After precompute(), infer() uses O(H×W) fancy-index table lookup — zero pgmpy calls regardless of grid size.

6. Scalar risk score and export

probs      = result.probabilities["usv_risk"]   # (H, W, 3): low / medium / high
risk_score = (probs * np.array([10.0, 50.0, 90.0])).sum(axis=-1)

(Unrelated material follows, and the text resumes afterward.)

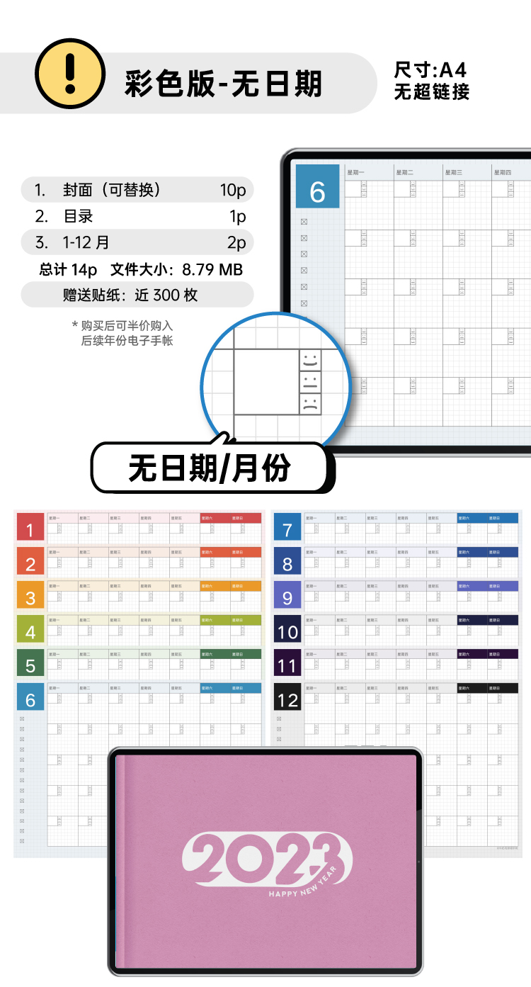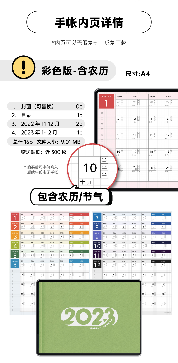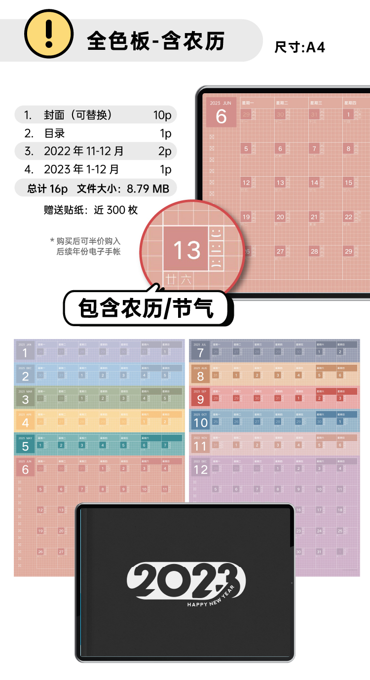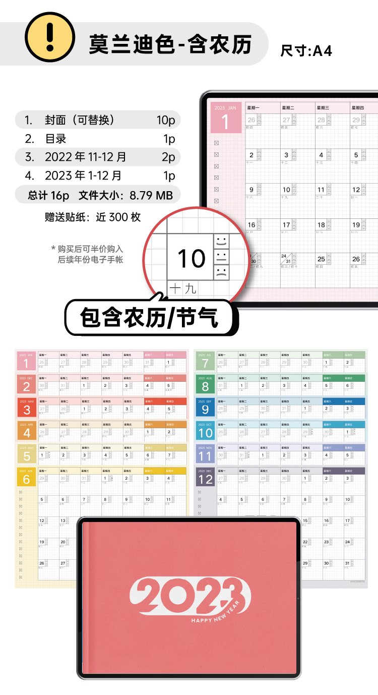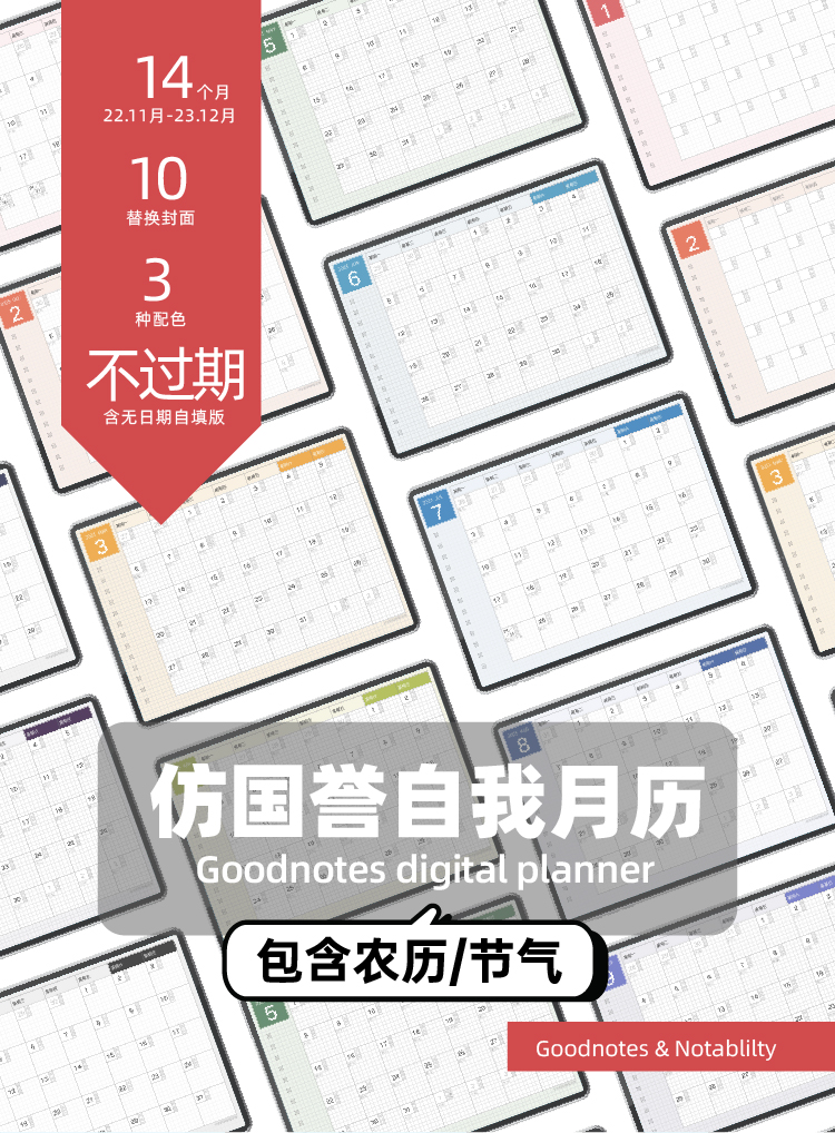 【四版合集】仿国誉自我2023年月历【含农历】goodnotes电子手帐模板-牛奶毛球喵

result.to_geotiff(OUT_DIR)   # 4-band GeoTIFF: P(low), P(medium), P(high), entropy
result.show_map(OUT_DIR, filename="usv_risk_map.html",
                extra_layers={"Risk score (10–90)": risk_score, "Water depth (m)": depth})

Key outputs

  • output/usv_risk_map.html — interactive Leaflet map with USV risk probability, entropy, risk score, and depth overlays
  • output/usv_risk.tif — 4-band GeoTIFF: Band 1 P(low), Band 2 P(medium), Band 3 P(high), Band 4 entropy
  • output/risk_score.tif — scalar risk score in the range 10–90

AIS traffic density

The script falls back to ConstantSource(2.0) when no AIS raster is present. To generate a real raster from Kystverket open data:

  1. Download historical AIS CSV from kystdatahuset.no (select the Karmsundet bounding box and a date range, e.g. 30 days)
  2. Run:
uv run python examples/karmsundet/create_ais_density.py aisdata.csv 30

This produces data/ais_density_karmsundet.tif — a float32 GeoTIFF with traffic density in encounters/km²/day on the same 150×200 grid.

How to run

uv run python examples/karmsundet/run_example.py

The bathymetry is cached on first run. The Met.no forecasts are fetched live on every run (~100 API calls total, taking roughly 5–10 seconds).